I really struggled to believe this. Surely those over there are roughly equal to a cubic metre, and then there are these ones over here too! I even had the benefit of walking round them and looking from several angles, but as I mentioned above, in reality I find it even harder to convince myself of the true figure than I do in the photo.

Here are the measurements*:

• 35.0cm x 35.0cm x 25.0cm (10)
• 40.5cm x 40.5cm x 40.5cm (6)
• 54.0cm x 44.6cm x 44.6cm (1)
• 56.0cm x 40.0cm x 22.0cm (1)
• 94.0cm x 64.0cm x 5.0 cm (1)

Add all that up, then convert from cubic centimetres to cubic metres by dividing by one million, and you get the answer. 0.89 or so.

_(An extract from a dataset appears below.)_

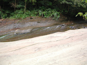 |  | 溪水很清涼喔,經由旁邊的淺潭爬上斜壁,這斜壁的角度不大,任何人都可輕易的爬上去, 若不是遇到平溪枯水期,則這整面的斜壁,將會是佈滿溪水,在這佈滿溪水的斜瀑上攀爬, 溪水沖激著全身,哇!十足的清涼啊,到了斜壁上頭再順水勢滑下來,這一定十分好玩. |
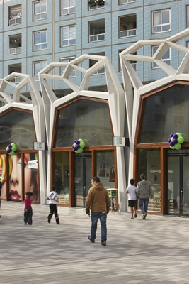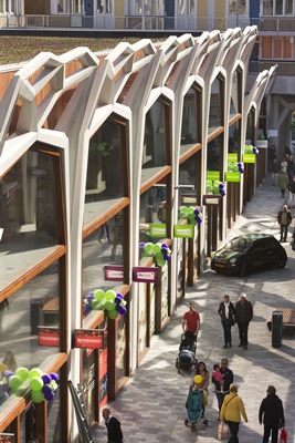 Dok architecten maakte niet alleen het ontwerp voor de markt, de winkels, de woningen en de hoofdwinkelstraat maar werkte het geheel ook bouwkundig uit. Het programma is een eigentijdse functiemix van een commercieel aanbod in de plint en een woningen daarboven. Samen zorgt dat, ook na sluitingstijd van de winkels, voor een levendige sfeer in het stadshart.

Do other people find this odd too, or is it just me (and possibly Troy)?

If so, I suppose the moral of the story is that a cubic metre is big. Bigger than my spatial perception feels it should be… And perhaps this illustrates a more general issue, that when I look at a three-dimensional object and make a rough judgement about its volume, I am unconsciously allowing myself to be too strongly influenced by linear perceptions, rather than three-dimensional ones. A small deficit in an estimated side-length can become a very significant deficit in volume if it is replicated in all three dimensions and thus cubed.

Or is it just that I am rubbish at estimating volumes?

* The first three sets of measurements here are provided by the box manufacturers, hence the bizarre degree of accuracy. The other two are my own measurements.

## 2 thoughts on “How big is a cubic metre?”

1. Troy

To put a cubic meter into context, I guess it would be easier to see the small boxes as 1/3 x 1/3 x 1/4 cubic meters, making them each 1/36 of a cubic meter. Your math checks out, but my mind still can’t put it all in context yet.

2. thomas Post author

Had my parents round to visit today, and their guesses were 2.5 m³ and 1.8 m³, so that’s a couple more examples of the same overestimation issue. It’s not just me.